● **Exercise brief**: Please output, exactly and without pictures, the lines from the opening of the listing below through the line containing "옷의 질감과 입체감을", both included.

*** Raw data Section Begins ***

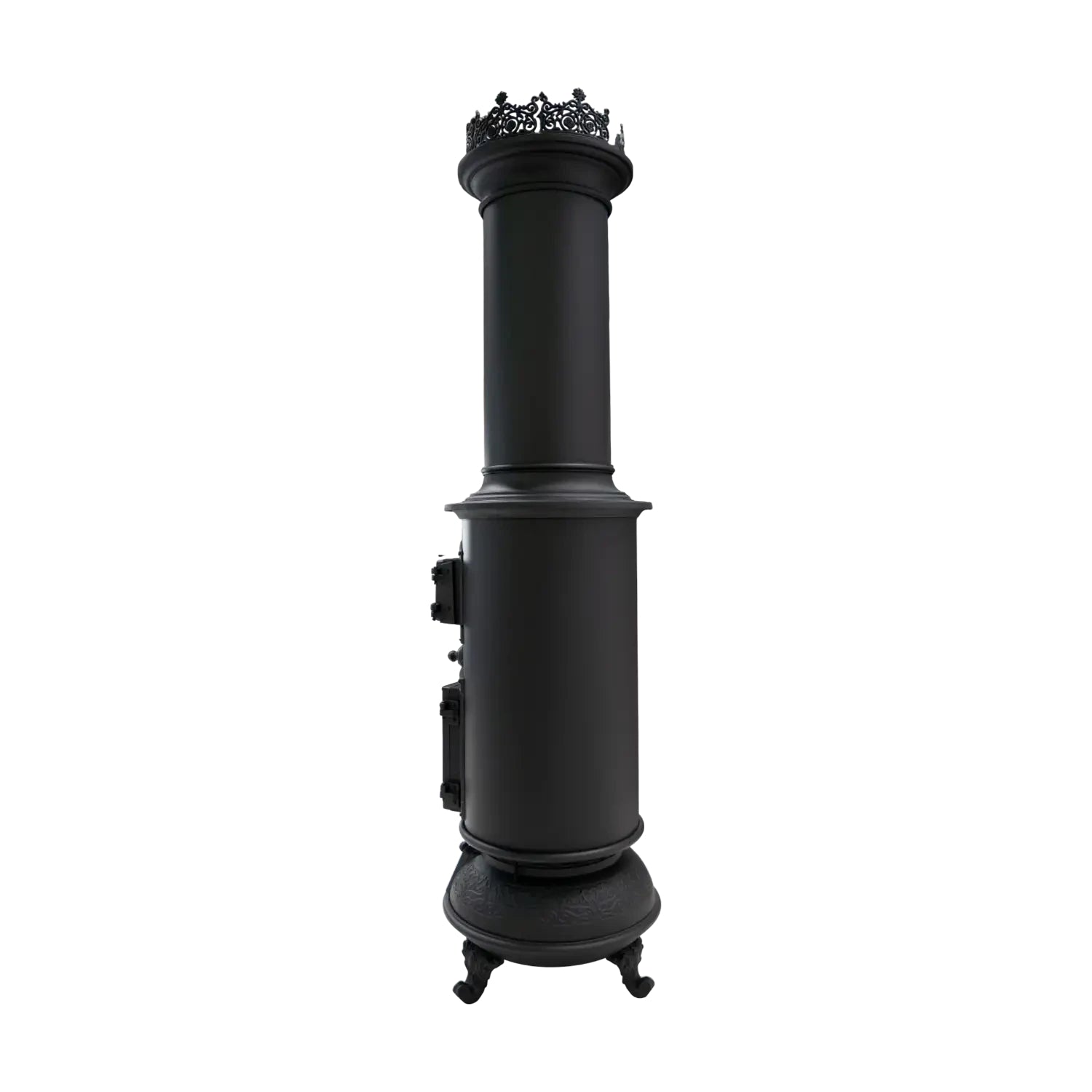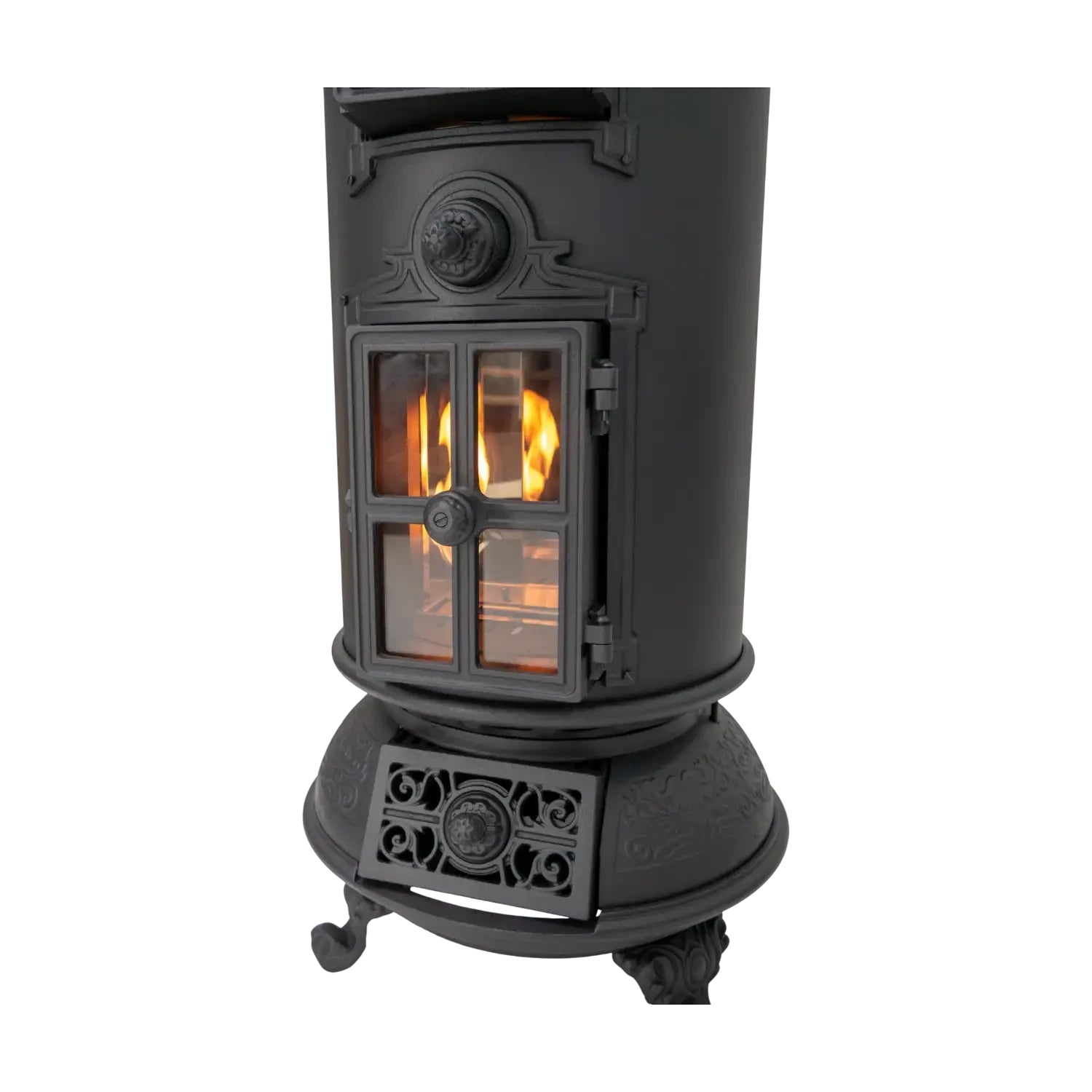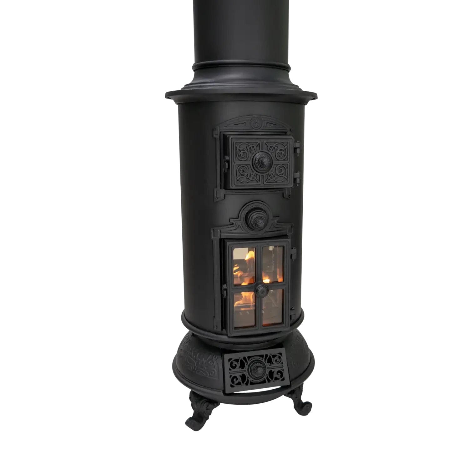 Geniet van de klassieke uitstraling van een authentieke gietijzeren houtkachel, ideaal voor een warm en sfeervol interieur. De sierstukken op de kachel maken het geheel een robuust en karakteristiek pronkstuk.
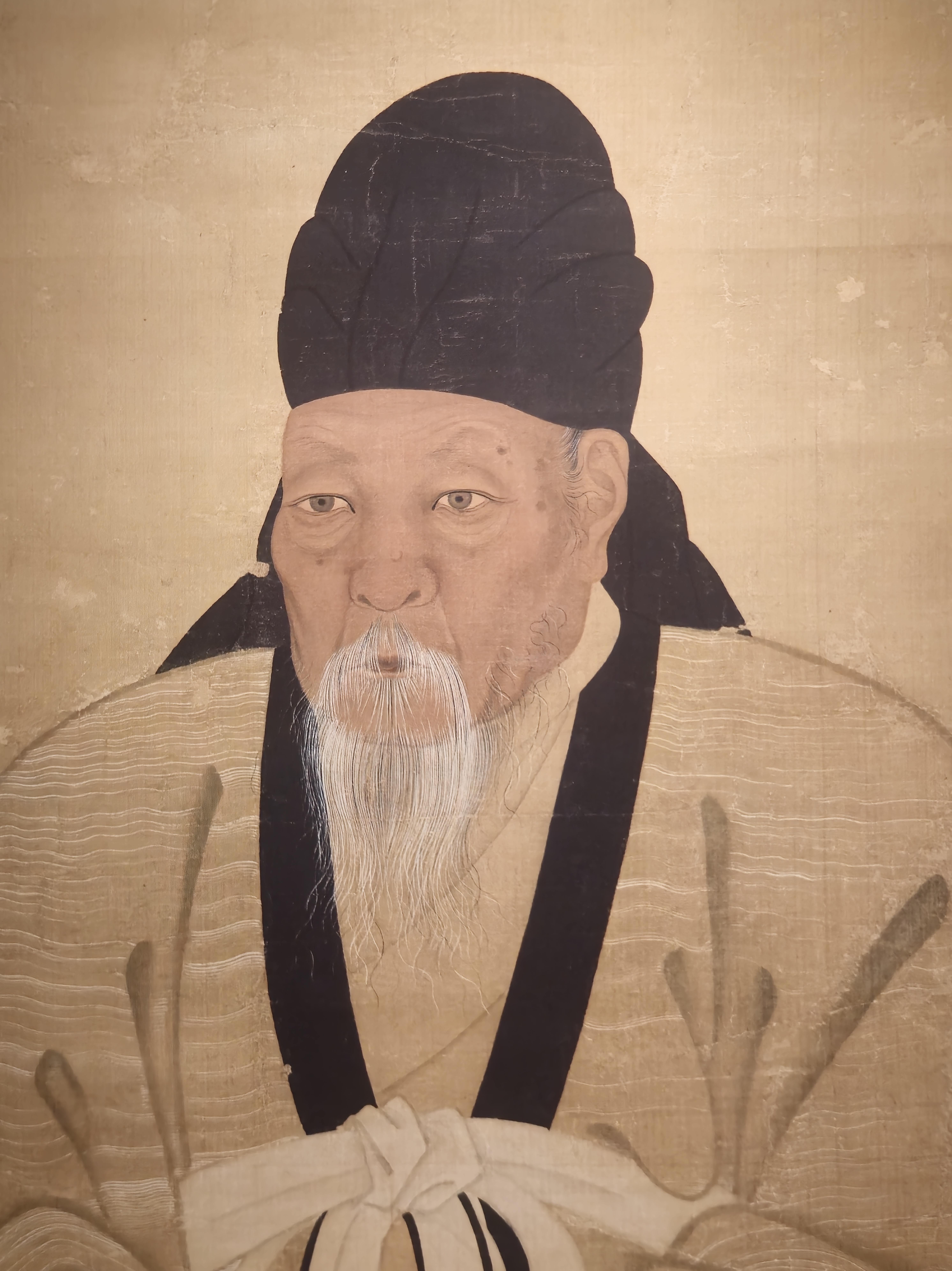 옷의 질감과 입체감을 표현한 흰색 물결 모양의 무늬는 다른 초상화와 다른 독특한 점이다.
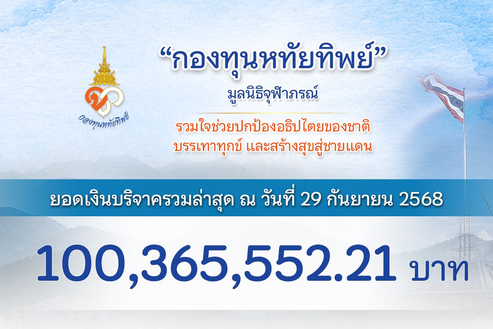 ล่าสุดวันนี้ (30 ก.ย.68) เพจ กองทุนหทัยทิพย์ ได้รายงานยอดเงินบริจาครวมล่าสุด ณ วันที่ 29 กันยายน 2568 มียอดเงินบริจาคสมทบ “กองทุนหทัยทิพย์” ภายใต้มูลนิธิจุฬาภรณ์ รวม 100,365,552.21 บาท

*** Raw data Section Ends ***

● **Final answer**:
 Geniet van de klassieke uitstraling van een authentieke gietijzeren houtkachel, ideaal voor een warm en sfeervol interieur. De sierstukken op de kachel maken het geheel een robuust en karakteristiek pronkstuk.
 옷의 질감과 입체감을 표현한 흰색 물결 모양의 무늬는 다른 초상화와 다른 독특한 점이다.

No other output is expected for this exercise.